“I even found an altar with this inscription: to an unknown god.”
Athens is often called the birthplace of democracy and the cradle of Western civilization. It’s the home of Plato, Pericles, and the Parthenon. The city has had enormous influence in its 3,400 years of recorded history. No wonder the apostle visited there.
How did Paul present the gospel in Athens? First, he walked the city and paid close attention to its religious monuments, even though he found them disturbing. Second, he visited the Jewish synagogue and shared Christ with both Jews and Gentiles there. Third, he did the same in the Athenian marketplace. Fourth, he accepted an invitation to speak at the Areopagus, a Greek court revived to new respect under Roman rule. And, finally, Paul used local references to tease out what Athenians knew of
God—an inscription to an “unknown god” and popular descriptions of the Supreme God in Greek poetry.

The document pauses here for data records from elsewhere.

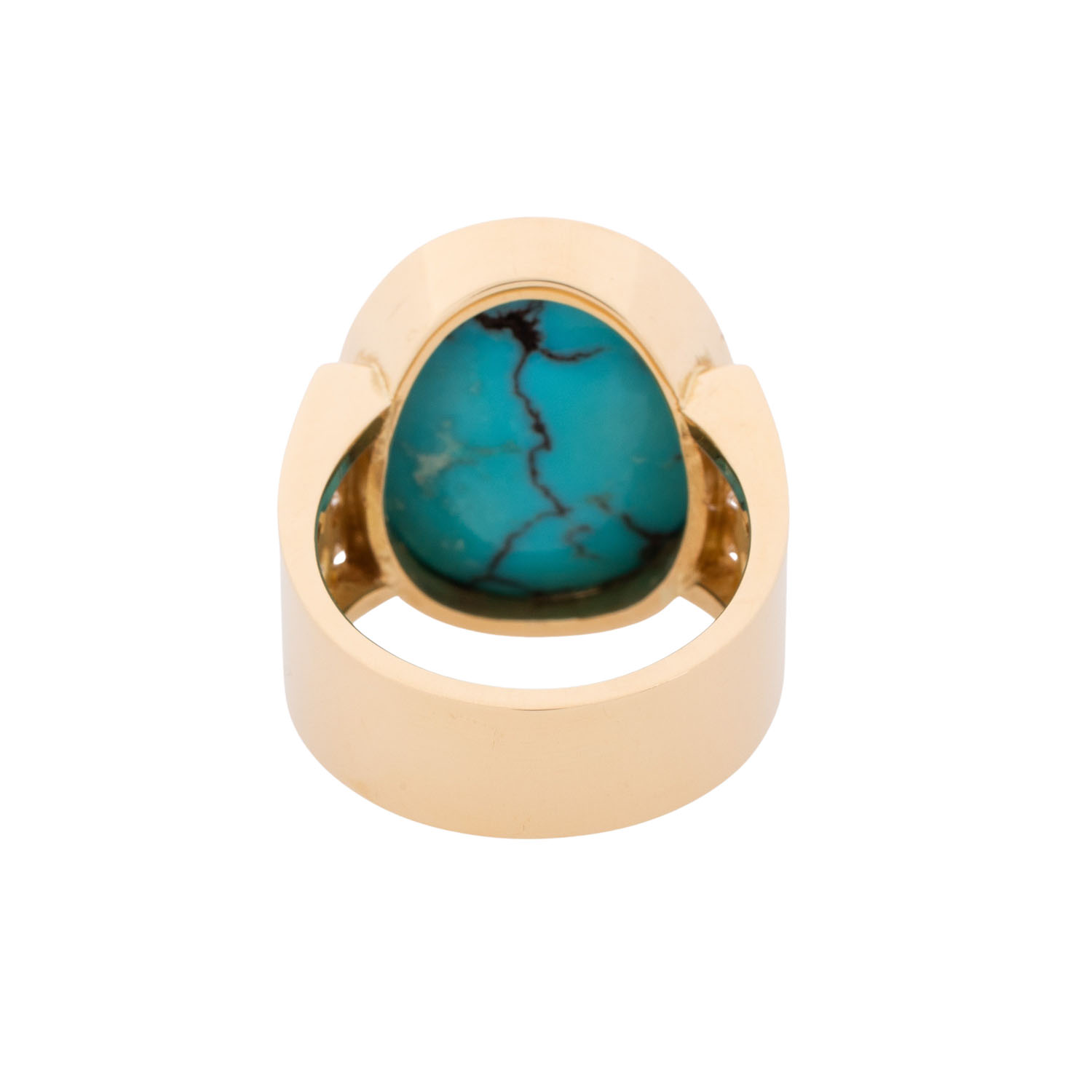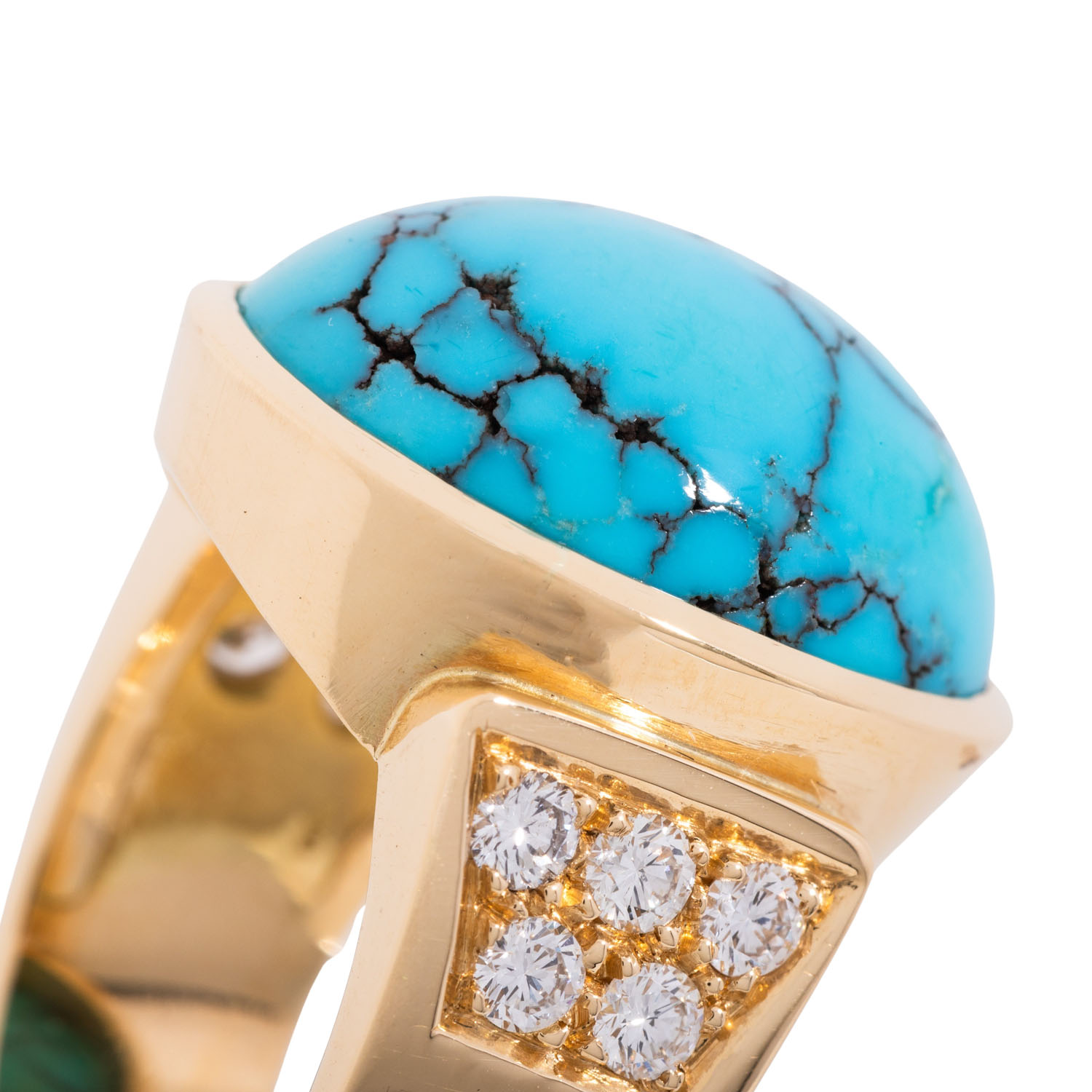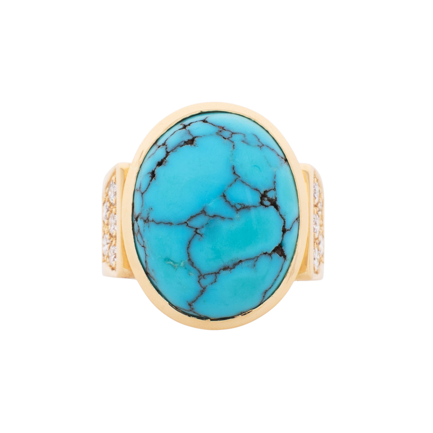 Ring with oval turquoise, slightly discoloured and 10 brilliant-cut diamonds totalling ca. 0.6 ct, good colour and clarity, 18K yellow gold, 16.7 g, ring size 54, late 20th century, minor signs of wear, solid workmanship.
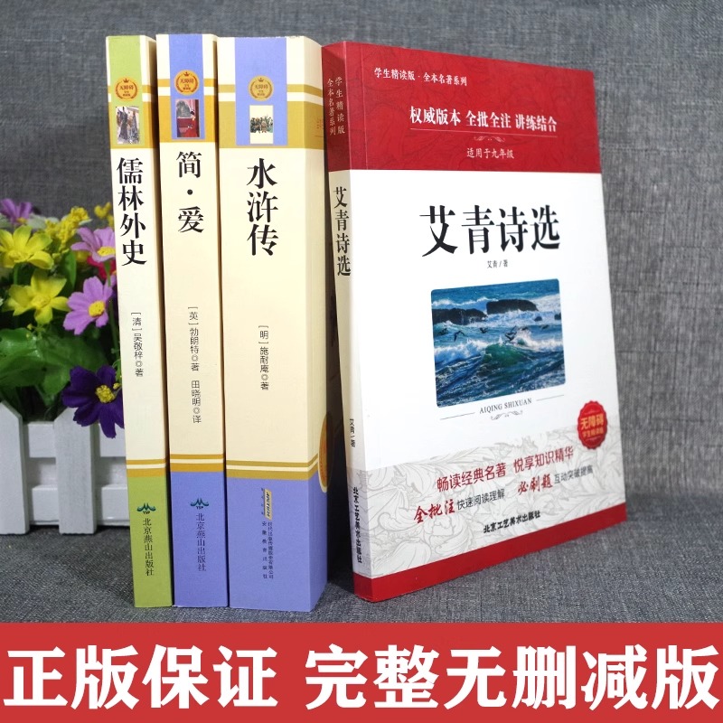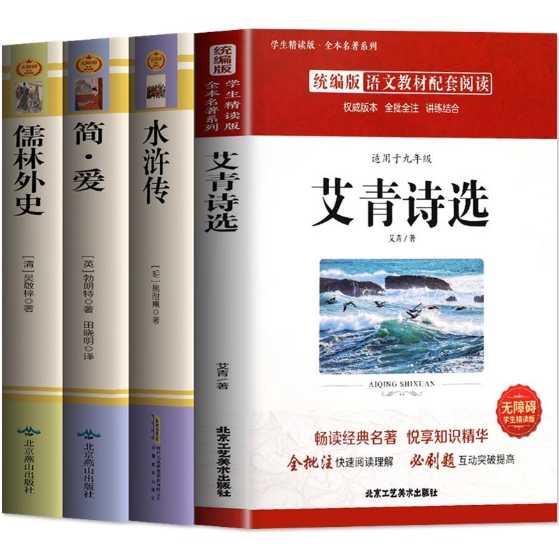 艾青诗选水浒传简爱儒林外史正版 书目世界名著阅读 原著未删减 推荐 外国小说文学诗歌精选书籍 初中生九年级上下册人教版 全套4册
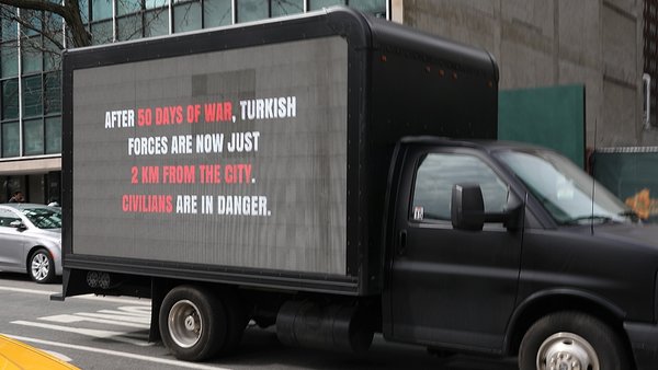 On the ad truck, a collage asserts: "On the 50th day of the war, Turkish forces are two kilometers away from the city. The civilians are in danger."
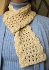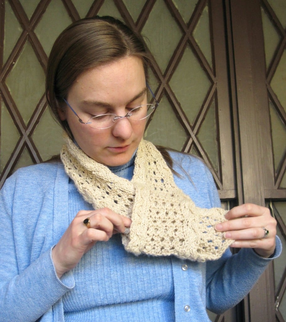 This scarflette is easily fastened at the neck by tucking the cast off end through a pocket formed at the beginning. As a result, you can use a smaller amount of luxurious fiber to get a warm and snuggly scarf - just one skein of worsted weight yarn will do fine.
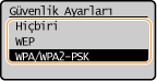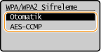 Makineyi, kablosuz yönlendiricinin ayarıyla eşleşmesi için otomatik olarak AES-CCMP veya TKIP seçecek şekilde ayarlar.
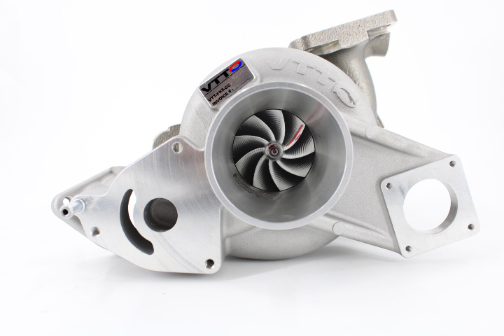 Ready to take your FK8 CTR to the next level? Don’t want to deal with core charges, long lead times, or restrictive factory housings? Look no further! VTT has you covered with our 100% new casting “GC” turbocharger upgrade. We start by keeping the great design elements of the factory 2L turbo and removing the not-so-great ones such as the small factory inlet area, bearing housing oil structure, thrust bearing, and anything else we saw that could be improved upon. This is not your basic TD04 CHRA. We completely changed the bearing structure to an 8mm turbine shaft, and journal bearing making it larger than anything in the TD04 MHI family, this truly is a custom unit. We also increased the thrust assembly dramatically to deal with the increased thrust loads. With the basics covered, we stepped it up a level by adding proprietary VTT changes to the housings, A/R Ratios and finished off by having all these parts cast to OE quality. What this means for you is serious 2.0L power made easy; GCs are a drop in turbocharger upgrade that supports up to 550WHP while maintaining very fast spool and all factory connections including oil, water, downpipe, and charge pipe. This turbo is perfect for the FK8 owner looking to max out the factory fuel system and make their CTR more fun to drive with power to redline, as well as the customer looking to add a fuel system and push towards the 550+WHP range. This truly is the unit for everyone. We said the same with our 1.5L SI offering, and have delivered on every promise, due to our no-compromise approach to the upgrade.
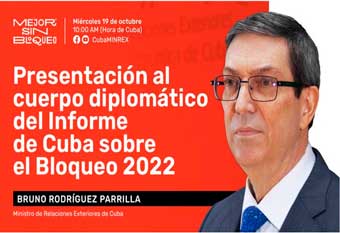 Il ministro delle Relazioni Internazionali, Bruno Rodríguez, presenterà domani il rapporto sul bloqueo statunitense contro l'isola al corpo diplomatico accreditato a Cuba, ha comunicato oggi su Twitter il ministero delle Relazioni Internazionali.
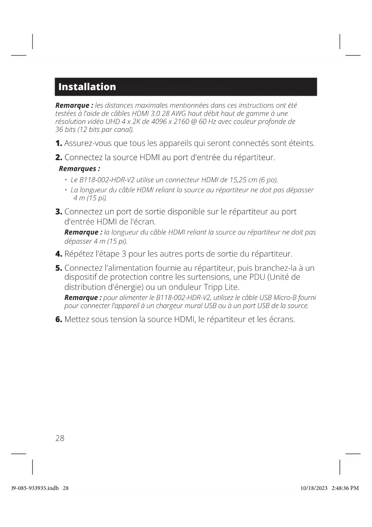 - CâbleHDMIhautdegammehautevitesseP569-015-CERT- 4,6m(15pi) Accessoires disponibles en option 23-09-085-933935.indb 2723-09-085-933935.indb 27 10/18/2023 2:48:35 PM10/18/2023 2:48:35 PM28 Installation Remarque : les distances maximales mentionnées dans ces instructions ont été testées à l'aide de câbles HDMI 3.0 28 AWG haut débit haut de gamme à une résolution vidéo UHD 4 x 2K de 4096 x 2160 @ 60 Hz avec couleur profonde de 36bits (12 bits par canal). 1.Assurez-vousquetouslesappareilsquiserontconnectéssontéteints. 2.ConnectezlasourceHDMIauportd'entréedurépartiteur. Remarques :

Paul’s goal was to present Christ crucified, the risen Lord and final Judge of virtue. Like Socrates, he wanted listeners to admit ignorance and fall in love with the highest Good. However, Christ can’t be received by intellectual arguments. He can only be received as a gift through faith. As Dionysius and Damaris discovered, not only did Paul’s speech redefine love, justice, and religion; it had the power to change lives. Even in splendid Athens.
Lord, our culture too gropes after you. Give us wisdom to build bridges of understanding that connect with the lost. Amen.